As shown in Table 3, we also compared our SVseg model with classical segmentation algorithms including U-Net [62], DeepLabv3+ [63], MultiResUNet [64], Densely-UNet [65], and other well-known vertebrae segmentation methods. Table 3 indicates that the proposed SVseg model outperformed all the other models in terms of DSC and JSC. Compared with the classical U-Net [62], DeepLabv3+ [63], MultiResUNet [64], Densely-UNet [65], SpineParseNet [20], Mask R-CNN [66], and multiscale CNN [67] our SVseg model was significantly better by (3.79, 5.78), (13.86, 19.46), (1.90, 3.05), (4.23, 6.43), (0.07, 0.11), (18.19, 24.45), (0.89, 2.93) on average (DSC%, JSC%), respectively.

The SVseg model also achieved the best results compared with well-known vertebrae segmentation methods. For example, a mean 86.17% DICE score was reported for vertebrae segmentation using (D-TVNet) based on U-Net [68]. The experimental results showed that D-TVNet was unable to determine the critical points for measuring the spine curve angle using segmented bones. Additionally, when the noise was significant, and the bones not sharp, this method was ineffective at identifying them. While the D-TVNet method is capable of removing some noise from images, it can also accidentally remove relevant bones in some cases. In [29], a deep learning approach was proposed for automatic CT vertebra segmentation and achieved a 86.1% DICE score. The starting thoracic vertebrae have a lower DICE due to the influence of the ribs and intervertebral discs. This method segmented several bones not seen in the label annotations, resulting in misclassification and a low DICE score. These variables contributed to error segmentations. A deep learning patch-based technique for cervical vertebra segmentation in X-ray images was proposed in [32] with a DICE score of 84%, but this framework has a number of flaws. By eliminating outlier centers away from the vertebral curve, the center localization structure can be strengthened even further. The current framework for center localization was limited by the fact that it does not know which center belongs to which vertebra. In another paper [69], a DICE score of 87% was obtained using a deep learning approach on the thoracolumbar spine from CT images, but this approach omits information about a spine’s structural consistency. The result is odd behavior in which this method fails to segment parts of a vertebra, or, in some cases, entire vertebrae at the beginning or end of a spine. It should be investigated how such global systemic regularity can be imposed during the training phase. Table 3 shows that SVseg achieved the highest mean DSC and JSC for segmentation of vertebrae compared to all methods.

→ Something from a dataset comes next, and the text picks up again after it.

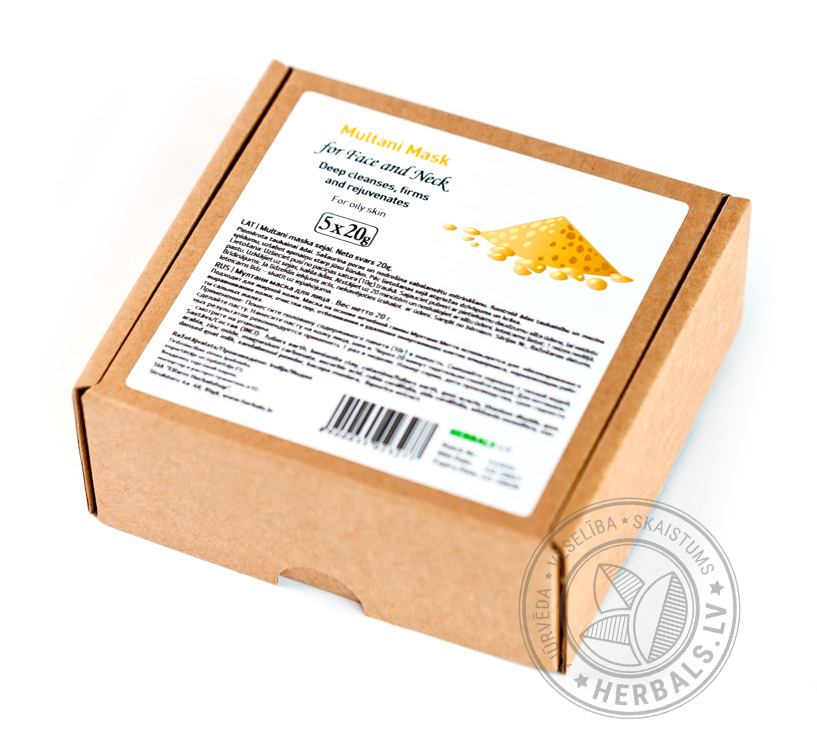 Herbals Multani обладает великолепными абсорбирующими свойствами и эффектом лифтинга. Проникая глубоко в кожу, вбирает в себя грязь и излишки жира и сужает поры, подтягивая и укрепляя контур лица. Питает кожу, передавая ей свои целебные свойства, витамины и минералы, выводит токсины.
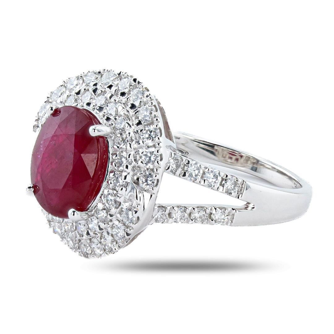 One polished, stamped, and tested platinum ring marked Aaron Gottlieb. The ring is mounted with: 1 genuine GIA certified ruby center stone weighing 3.01 carats, and 58 genuine round diamonds weighing approximately 0.95 carats. This item weighs 7.2 grams, condition is new, excellent workmanship. #MAIN GEMSTONE# GIA Report No.: 2235396211 Species: Natural Corundum Variety: Ruby Shape: Oval Cutting Style: Brilliant Cut Crown, Step Cut Pavilion Measurements: 9.27 x 8.30 x 3.80mm Weight: 3.01 carats Color: Red Transparency: Transparent to Semi Transparent Treatment: Heat with Residues Refractive Index: 1.762 - 1.770 DR Birefringence: 0.008 - 0.010 Hardness: 9 #ADJACENT GEMSTONES ON RING# Identity: Natural Diamond Shape: Round Cutting Style: Brilliant Cut Quantity: 58 Diamonds Measurements: 1.5 - 1.7mm Total Weight: 0.95 carats Clarity Grade: VS2-SI1 Color Grade: F-G Refractive Index: 2.417 Hardness: 10 RUBY WEIGHT: 3.01 ct TOTAL DIAMOND WEIGHT: 0.95 cts WEIGHT OF ITEM: 7.2 grams METAL: Platinum Size: 7

The above results and discussion prove that our proposed approach has the benefits of automatically learning high-level features from data images, rather than relying on handcrafted feature extraction, which often necessitates advanced engineering skills. SSAE differs from an autoencoder (AE) because it imposes sparsity on the mapped features, preventing the problem of trivial solutions when the dimensionality of hidden features exceeds the dimensions of input features. After stacking, SSAE can learn high-level features, similar to other deep learning techniques. Our SVseg model has the ability of high-level feature extraction by unsupervised learning, followed by training the sigmoid classifier in a supervised manner. The model was evaluated on a publicly CSI MICCAI dataset for training and testing.

As a result, the SVseg model achieved excellent segmentation of the vertebrae from CT images. To avoid potential issues caused by the limited amount of training data, we pretrained the model layer-by-layer, which allowed it to learn the hierarchy of features one layer at a time. Specifically, the previous layer’s learned features were fed into the next layer during each layer’s training. Secondly, the entire model was refined by only a few iterations during the fine-tuning stage, which is important for mitigating the overfitting problem. Thus, our model enhanced the accuracy and practicality of segmentation findings, enabling spine clinical diagnosis to be supported without relying on a complex network design.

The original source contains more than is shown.